= Carter (supercomputer) =

Supercomputer installed at Purdue University in 2011

Carter is a supercomputer installed at Purdue University in fall of 2011 in a partnership with Intel. The high-performance computing cluster is operated by Information Technology at Purdue (ITaP), the university's central information technology organization. ITaP also operates clusters named Steele built in 2007, Coates built in 2009, Rossmann built in 2010, and Hansen built in the summer of 2011. Carter was the fastest campus supercomputer in the U.S. outside a national center when built. It was one of the first clusters to employ Intel's second generation Xeon E5 "Sandy Bridge" processor and ranked 54th on the November 2011 TOP500 list, making it Purdue's first Top 100-ranked research computing system.

==Hardware==
The Carter cluster consists of HP Proliant compute nodes with two 8-core Intel Xeon-E5 processors (16 cores per node), either 32 gigabytes or 64 GB of memory, and a 500 GB system disk. NVIDIA Tesla GPU-accelerated nodes also are available. All nodes have 56 Gbit/s FDR Infiniband connections from Mellanox. Carter was the first cluster to employ this generation of Mellanox interconnects.

==Software==
Carter nodes run Red Hat Enterprise Linux 6 (RHEL6) and Carter uses Moab Workload Manager 6 and TORQUE Resource Manager 3 as the portable batch system (PBS) for resource and job management. The cluster also has compilers and scientific programming libraries installed.

==Funding==
The Carter supercomputer and Purdue's other clusters are part of the Purdue Community Cluster Program, a partnership between ITaP and Purdue faculty. In Purdue's program, a "community" cluster is funded by hardware money from grants, faculty startup packages, institutional funds and other sources. ITaP's Rosen Center for Advanced Computing administers the community clusters and provides user support.
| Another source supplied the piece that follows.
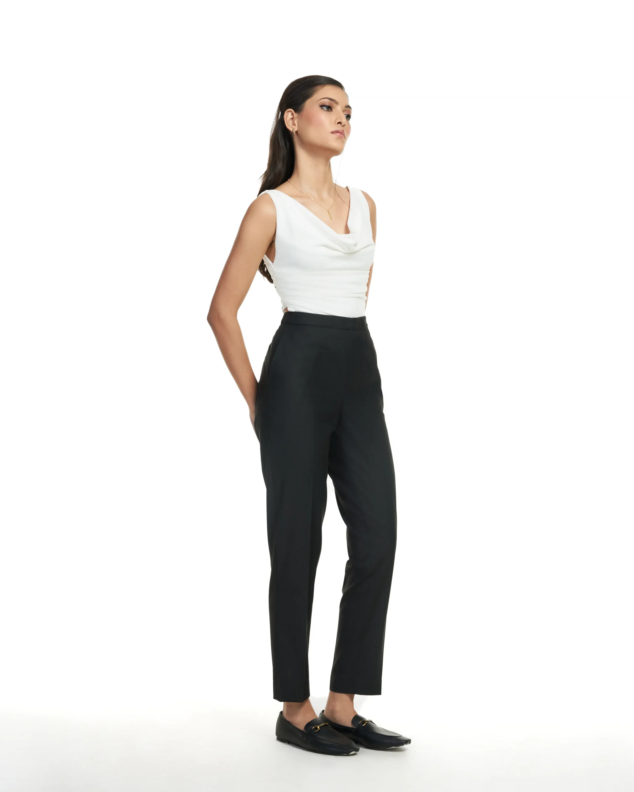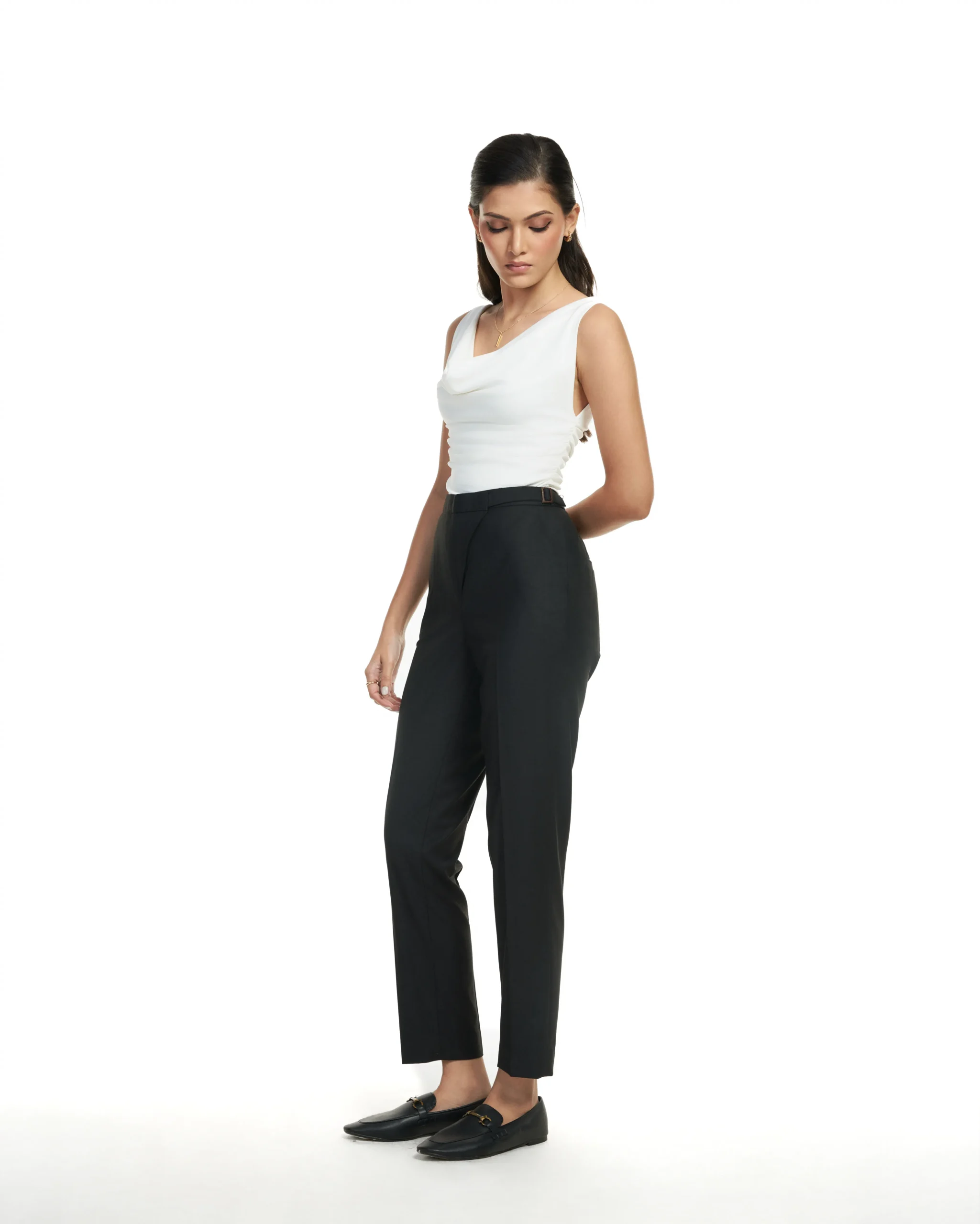 Buckle Up is a High-Waisted Asymmetrical Trousers offering a refined take on classic tailoring, blending architectural precision with everyday wearable comfort. Designed to sit high on the waist, they create a long, streamlined silhouette that works perfectly for both professional settings and evening events.

Each faculty partner always has ready access to the capacity he or she purchases and potentially to more computing power when the nodes of other investors are idle. Unused, or opportunistic, cycles from Carter are made available to the National Science Foundation's Extreme Science and Engineering Discovery Environment (XSEDE) system and the Open Science Grid.

==Users==
The Purdue departments and schools by which Carter and Purdue's clusters are used vary broadly, including Aeronautics and Astronautics, Agriculture, Agronomy, Biology, Chemical Engineering, Chemistry, Civil Engineering, Communications, Computer and Information Technology, Computer Science, Earth, Atmospheric and Planetary Sciences, Electrical Engineering, Electrical and Computer Engineering, Electrical and Computer Engineering Technology, Industrial Engineering, Materials Engineering, Mathematics, Mechanical Engineering, Medicinal Chemistry and Molecular Pharmacology, Physics, the Purdue Terrestrial Observatory and Statistics, among others.

==DiaGrid==
Unused, or opportunistic, cycles from Carter are made available to XSEDE and the Open Science Grid using Condor software. Coates is part of Purdue's distributed computing Condor flock, which is the largest publicly disclosed distributed computing system in the world and the center of DiaGrid, a nearly 43,000-processor Condor-powered distributed computing network for research involving Purdue and partners at nine other campuses.

==Naming==
The Carter cluster is named for Dennis Lee Carter, the retired vice president for marketing of Intel, who received his master's degree in electrical engineering from Purdue in 1974. He is credited with creating and implementing the internationally recognized “Intel Inside” campaign, spurred by what Carter says was his recognition at the dawn of the PC age that Intel needed to begin talking to the general public, not just to the PC company design engineers who had been its traditional focus. The campaign created the first broad brand awareness of a microprocessor as a key ingredient in a personal computer and made Intel’s logo a feature on the outside of most of the world’s PCs, while its five-note jingle became one of the most recognizable tunes on television. Carter also worked with Intel President Andy Grove to create the iconic Pentium brand name. The Carter cluster continues ITaP's practice of naming new supercomputers after notable figures in Purdue's computing history.